Items from a data source:
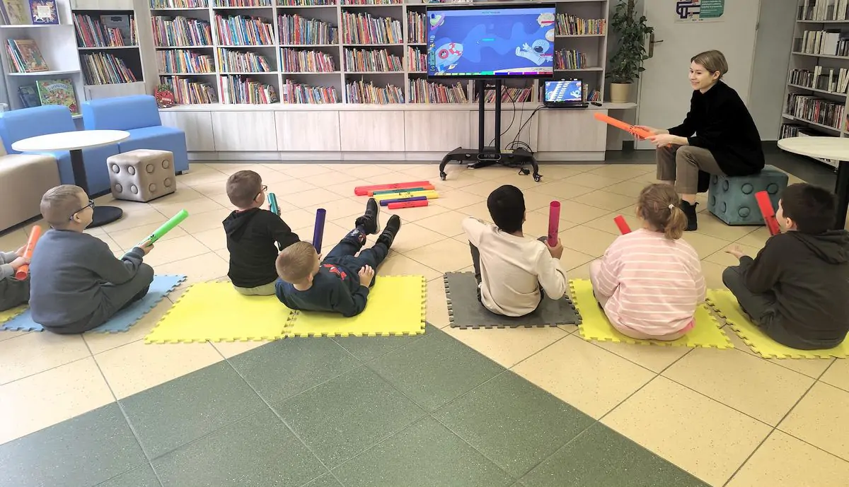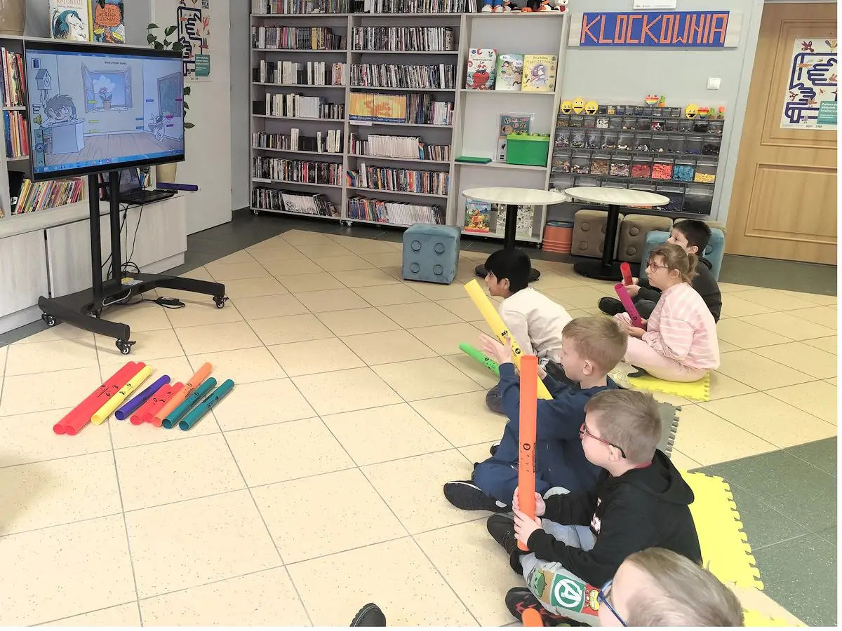 Druga część wydarzenia miała charakter muzyczny. Dzieci aktywnie uczestniczyły w zajęciach, grając na bum bum rurkach. Zabawa ta nie tylko dostarczyła wielu emocji, ale także pozwoliła połączyć literaturę z twórczą ekspresją muzyczną, co spotkało się z entuzjastycznym przyjęciem przez uczestników.
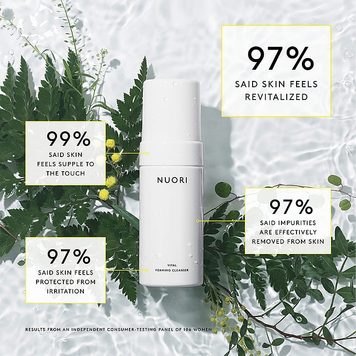 NUORIs Vital Foaming Cleanser er en luksuriøs, cremet ansigtsvask, der omhyggeligt fjerner snavs og makeup uden af fratage huden dens naturlige olier.
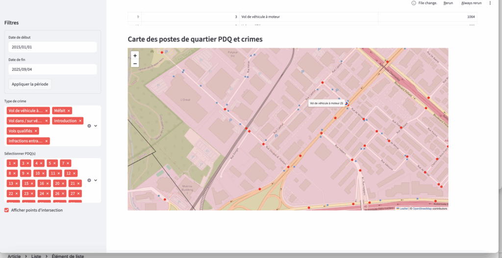 - explorer une carte interactive combinant les polygones des PDQ et les points représentant les crimes
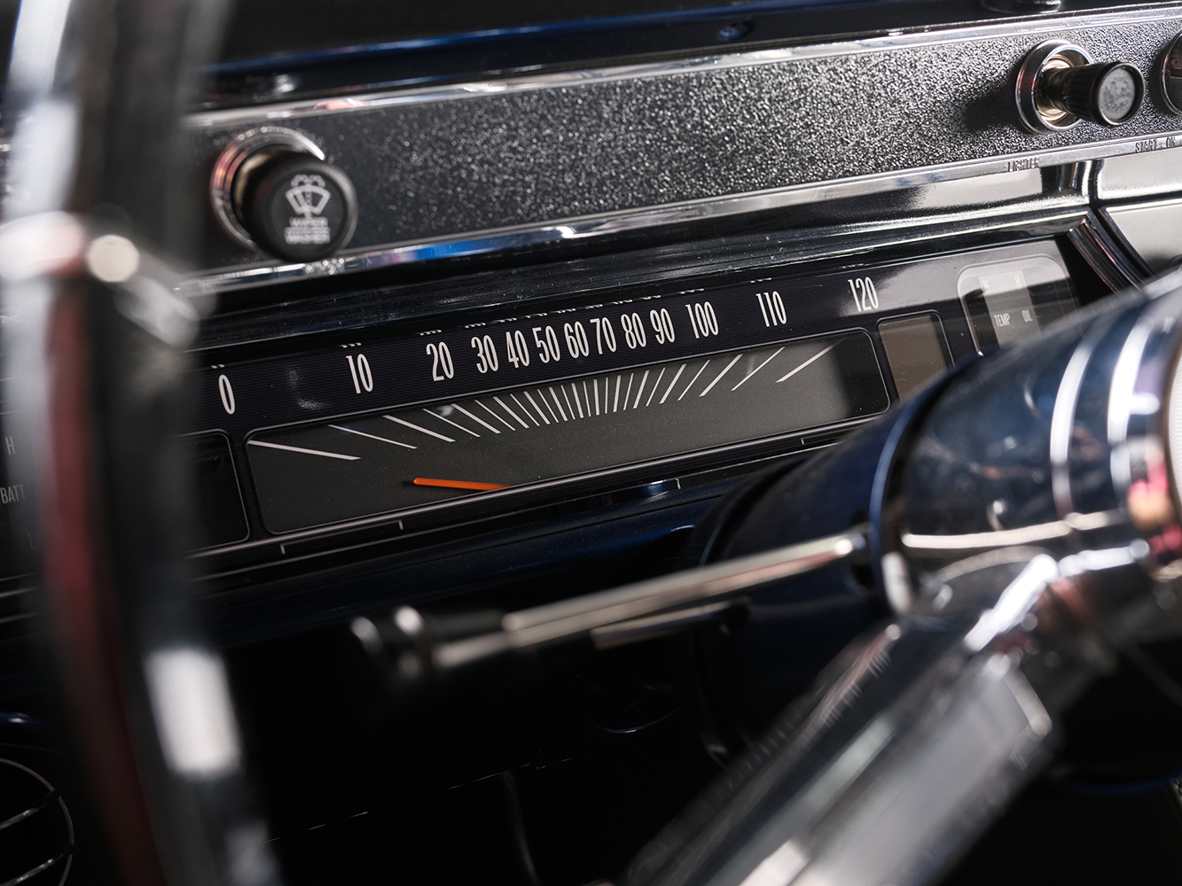 Inside, Mark and his wife, Jen, took on the interior installation by utilizing TMI Dark Gray upholstery, which pairs with black carpeting to create a clean, understated aesthetic. The factory dash was retained and integrates modern Dakota Digital RTX gauges for enhanced functionality.
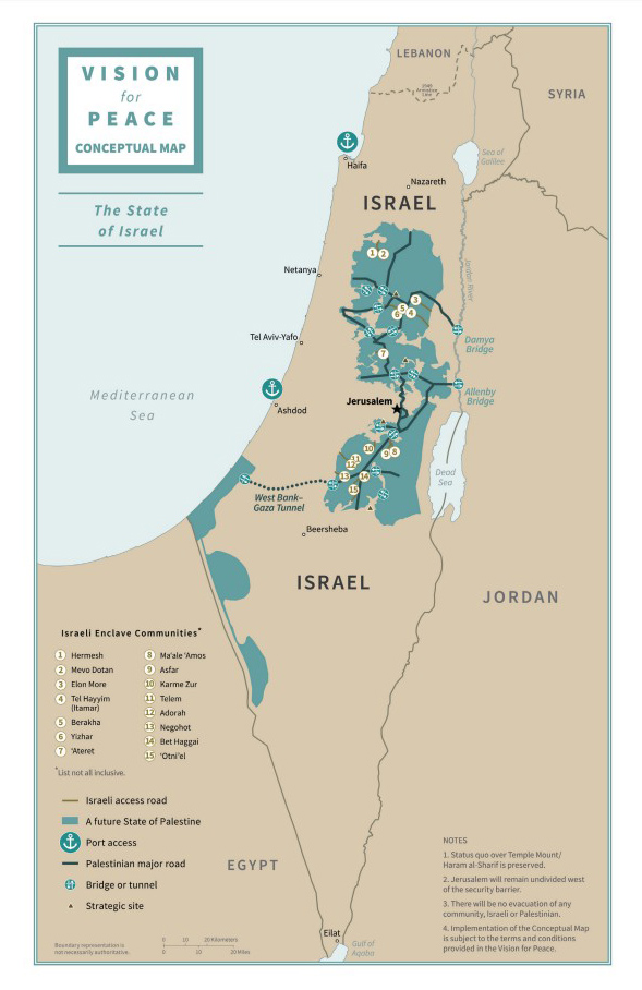 • Jordandalen, som utgör gränsområdet mellan Västbanken och Jordanien, införlivas i Israel.
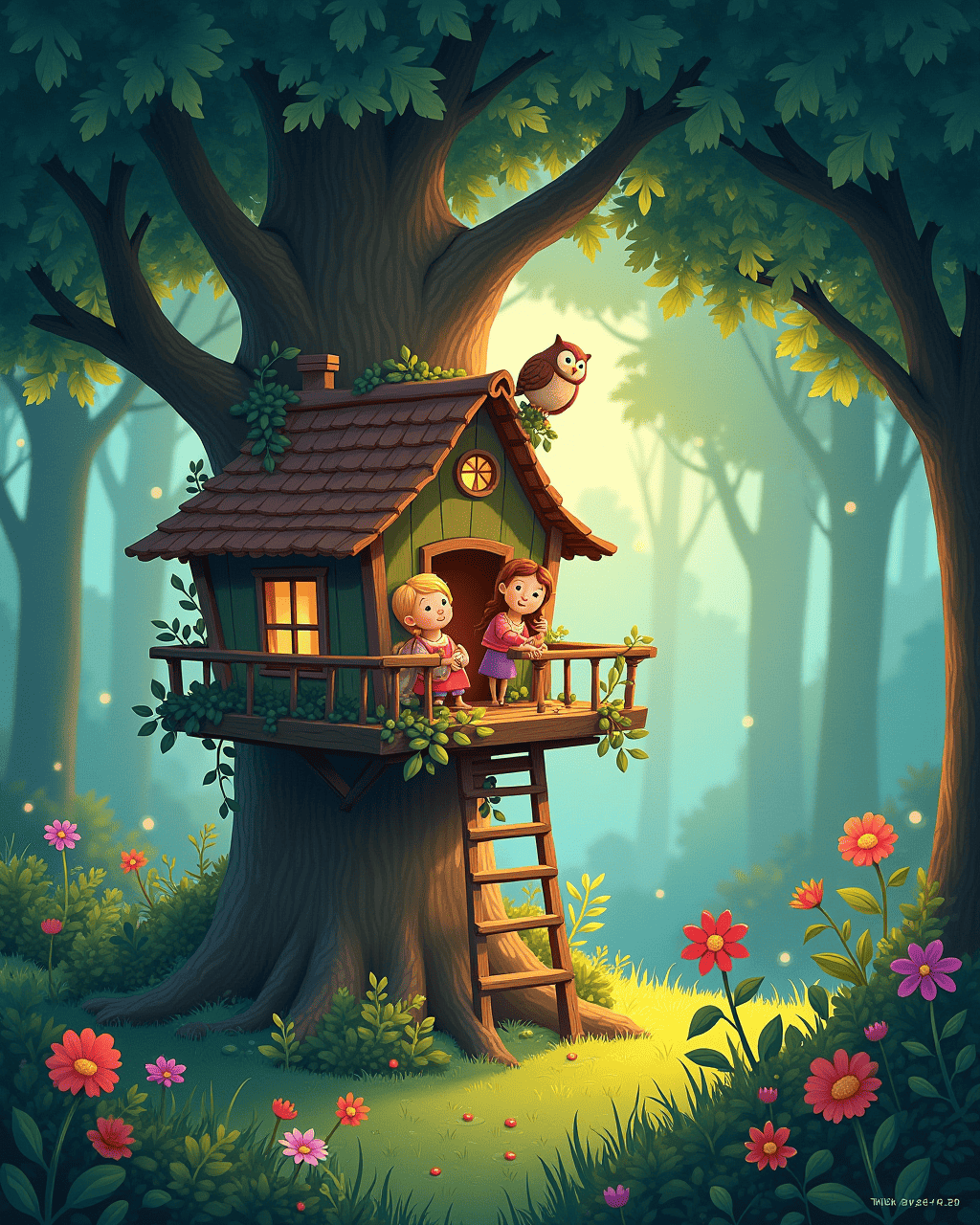 1. When the sun dipped, the trees turned a deep teal, and the leaves rustled like sleepy lullabies. 2. Milo and Lucy snuggled in their tiny bed made of soft leaves. 3. They imagined the treehouse as a floating ship sailing across a starlit sea. 4. Suddenly, a tiny owl perched on the ladder’s top, adding mystery to the night. 5. The owl seemed to watch over them, keeping the secret treasure safe.
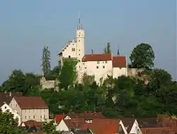 Gößweinstein Castle (German: Burg Gößweinstein), also called Schloss Gößweinstein, is a mediaeval hilltop castle in Gößweinstein in the county of Forchheim in the German state of Bavaria. It towers high above the market town and the River Wiesent and may have been the inspiration for Richard Wagner's grail castle in his opera, Parsifal. The castle is a Bavarian listed building, no. D-4-74-129-10.
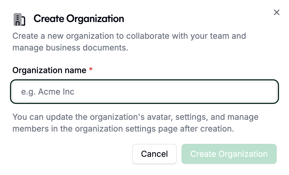 Member: Can view and manage documents, with limited access to settings (can’t change preferred currency, manage team members, or delete the organization).
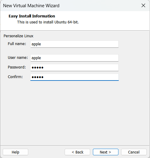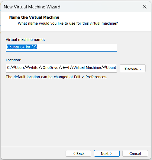 머신에서 사용할 계정의 id, pw를 설정해줍니다.본인이 기억하기만 하면 어떤 것으로 설정해도 상관 없습니다. 계정을 만들고 next를 눌러주면 우분투 이름과 경로를 설정할 수 있는 창이 나옵니다. vmware를 사용하며 쓰게 되는 용량이 상당하므로 남은 용량이 큰 곳에다 설치하는 것을 추천합니다.
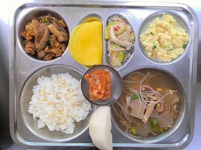 중식 찰옥수수밥 오징어무국(5.8.9.17.18) 몽글몽글달걀찜(1.8.9.13.18) 고추장오리불고기(2.5.6.13) 들깨버섯호박볶음(자율) 직접담은김치(자율)(9) 배(과일)
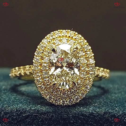 Ovaler Diamant-Verlobungsring mit doppeltem Halo-Pavé-Band

◆ What you have to do
From the first line to the last, repeat the records exactly. Leave out the pictures.

◆ Solution for this exercise
 Druga część wydarzenia miała charakter muzyczny. Dzieci aktywnie uczestniczyły w zajęciach, grając na bum bum rurkach. Zabawa ta nie tylko dostarczyła wielu emocji, ale także pozwoliła połączyć literaturę z twórczą ekspresją muzyczną, co spotkało się z entuzjastycznym przyjęciem przez uczestników.
 NUORIs Vital Foaming Cleanser er en luksuriøs, cremet ansigtsvask, der omhyggeligt fjerner snavs og makeup uden af fratage huden dens naturlige olier.
 - explorer une carte interactive combinant les polygones des PDQ et les points représentant les crimes
 Inside, Mark and his wife, Jen, took on the interior installation by utilizing TMI Dark Gray upholstery, which pairs with black carpeting to create a clean, understated aesthetic. The factory dash was retained and integrates modern Dakota Digital RTX gauges for enhanced functionality.
 • Jordandalen, som utgör gränsområdet mellan Västbanken och Jordanien, införlivas i Israel.
 1. When the sun dipped, the trees turned a deep teal, and the leaves rustled like sleepy lullabies. 2. Milo and Lucy snuggled in their tiny bed made of soft leaves. 3. They imagined the treehouse as a floating ship sailing across a starlit sea. 4. Suddenly, a tiny owl perched on the ladder’s top, adding mystery to the night. 5. The owl seemed to watch over them, keeping the secret treasure safe.
 Gößweinstein Castle (German: Burg Gößweinstein), also called Schloss Gößweinstein, is a mediaeval hilltop castle in Gößweinstein in the county of Forchheim in the German state of Bavaria. It towers high above the market town and the River Wiesent and may have been the inspiration for Richard Wagner's grail castle in his opera, Parsifal. The castle is a Bavarian listed building, no. D-4-74-129-10.
 Member: Can view and manage documents, with limited access to settings (can’t change preferred currency, manage team members, or delete the organization).
 머신에서 사용할 계정의 id, pw를 설정해줍니다.본인이 기억하기만 하면 어떤 것으로 설정해도 상관 없습니다. 계정을 만들고 next를 눌러주면 우분투 이름과 경로를 설정할 수 있는 창이 나옵니다. vmware를 사용하며 쓰게 되는 용량이 상당하므로 남은 용량이 큰 곳에다 설치하는 것을 추천합니다.
 중식 찰옥수수밥 오징어무국(5.8.9.17.18) 몽글몽글달걀찜(1.8.9.13.18) 고추장오리불고기(2.5.6.13) 들깨버섯호박볶음(자율) 직접담은김치(자율)(9) 배(과일)
 Ovaler Diamant-Verlobungsring mit doppeltem Halo-Pavé-Band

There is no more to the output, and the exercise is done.